**Task brief**
Word for word, repeat the data; no picture should appear in the result.

**Data extract**
╔══
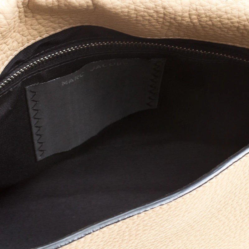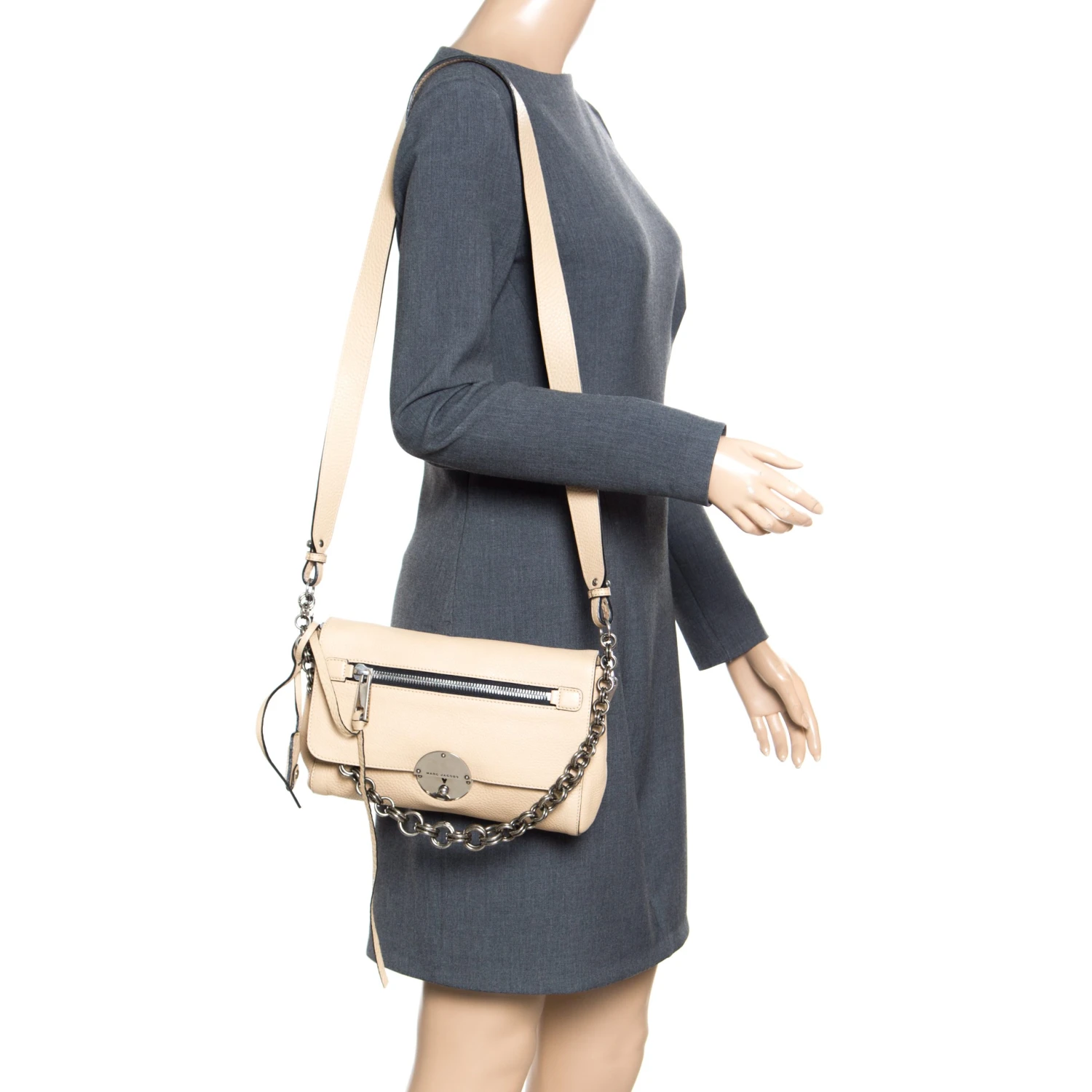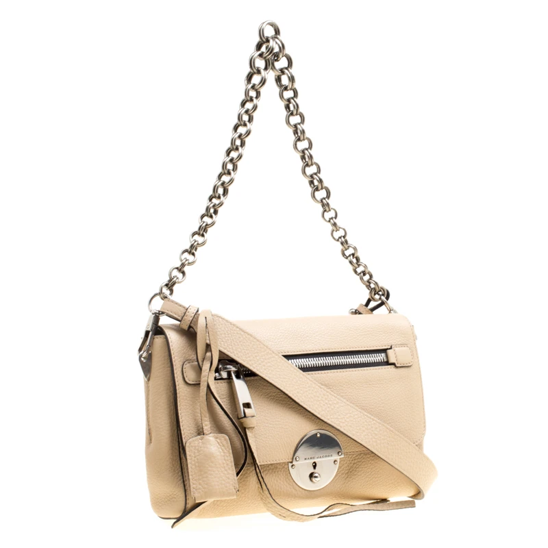 This Marc Jacobs shoulder bag is small and statement-making. Made from beige pebbled leather, it is accented with silver-tone hardware. It features a zipped pocket and push-lock on its front flap along with a detachable shoulder chain strap. The fabric-lined interior comes with a zipped pocket.
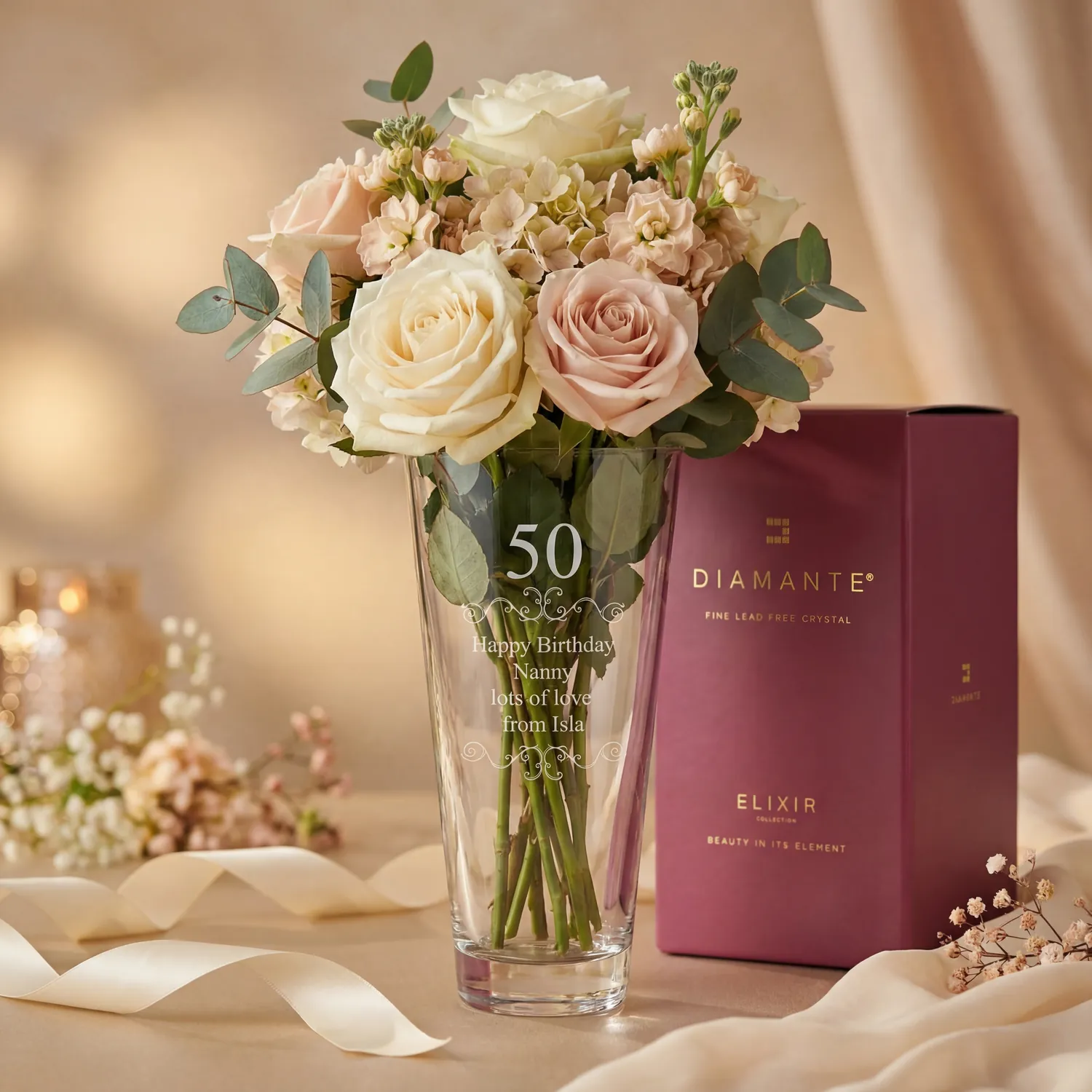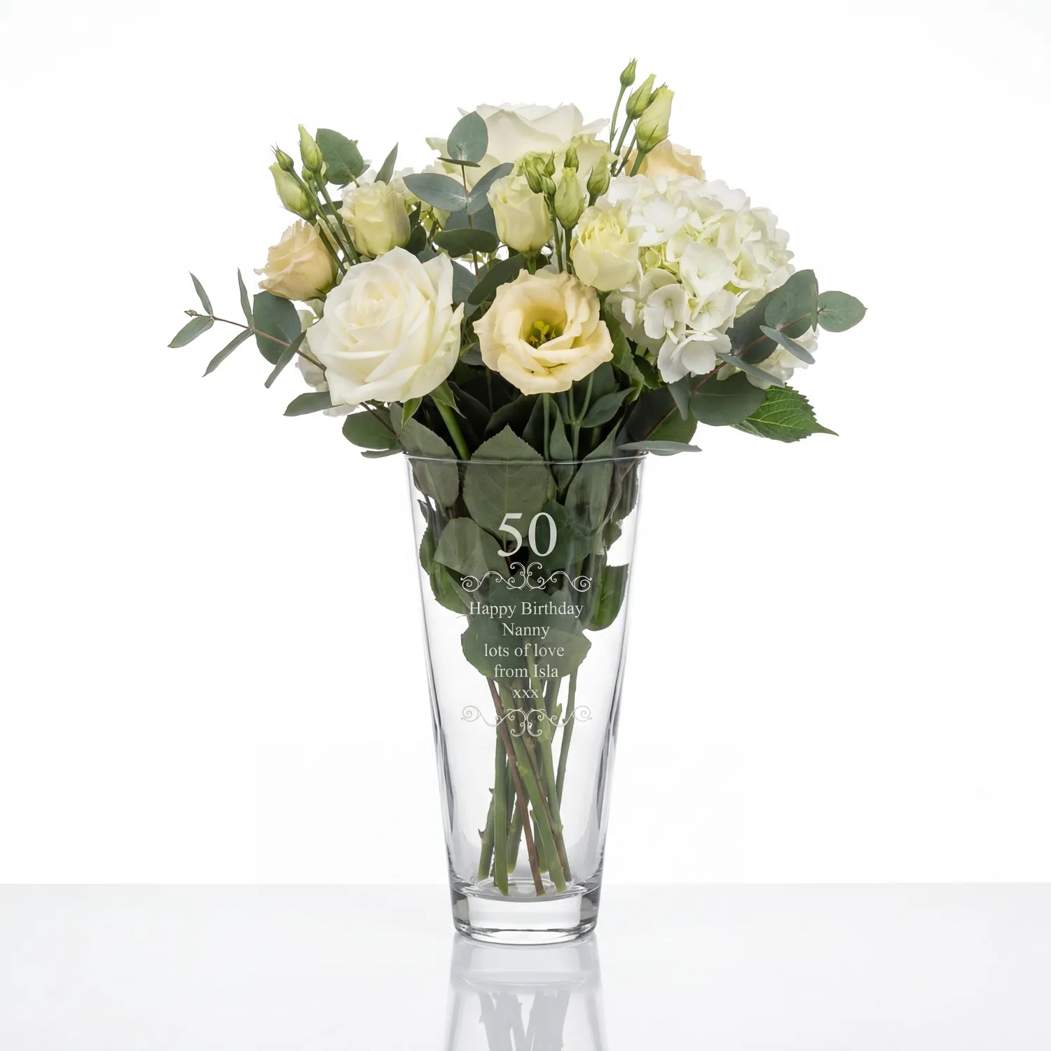 Celebrate a birthday or landmark wedding anniversary with this beautifully engraved personalised conical vase. This is a stunning gift for friends or loved ones and will look perfect with a bouquet.
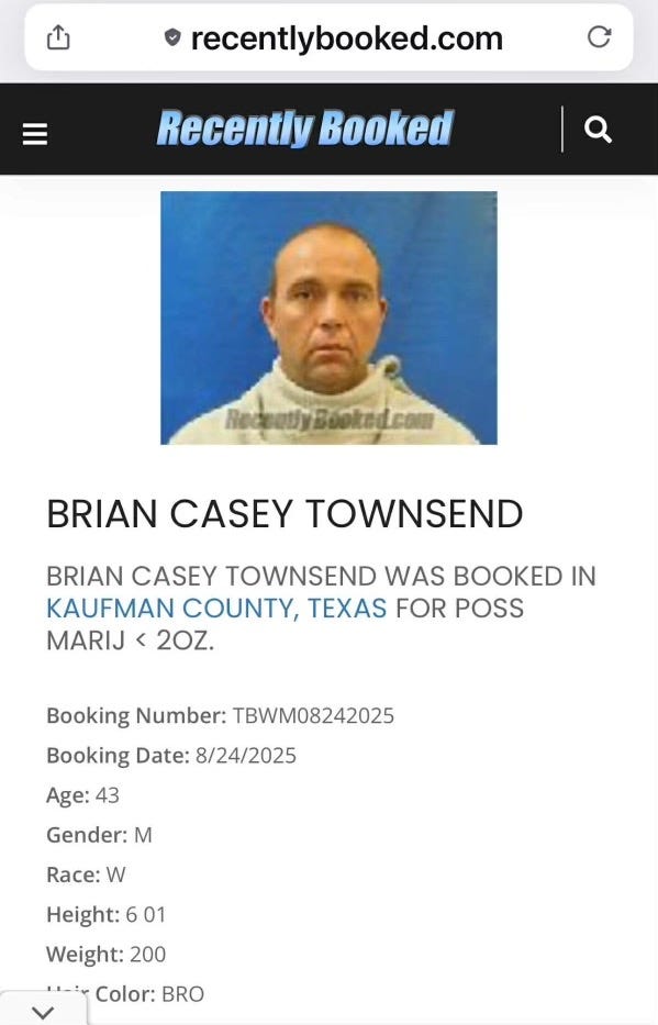 Showing that smoking the reefer isn’t limited to just the libs, Kaufman County Republican Party Treasurer, Brian Casey Townsend, was arrested last month for pot and paraphernalia.
╚══
**Problem solution**
 This Marc Jacobs shoulder bag is small and statement-making. Made from beige pebbled leather, it is accented with silver-tone hardware. It features a zipped pocket and push-lock on its front flap along with a detachable shoulder chain strap. The fabric-lined interior comes with a zipped pocket.
 Celebrate a birthday or landmark wedding anniversary with this beautifully engraved personalised conical vase. This is a stunning gift for friends or loved ones and will look perfect with a bouquet.
 Showing that smoking the reefer isn’t limited to just the libs, Kaufman County Republican Party Treasurer, Brian Casey Townsend, was arrested last month for pot and paraphernalia.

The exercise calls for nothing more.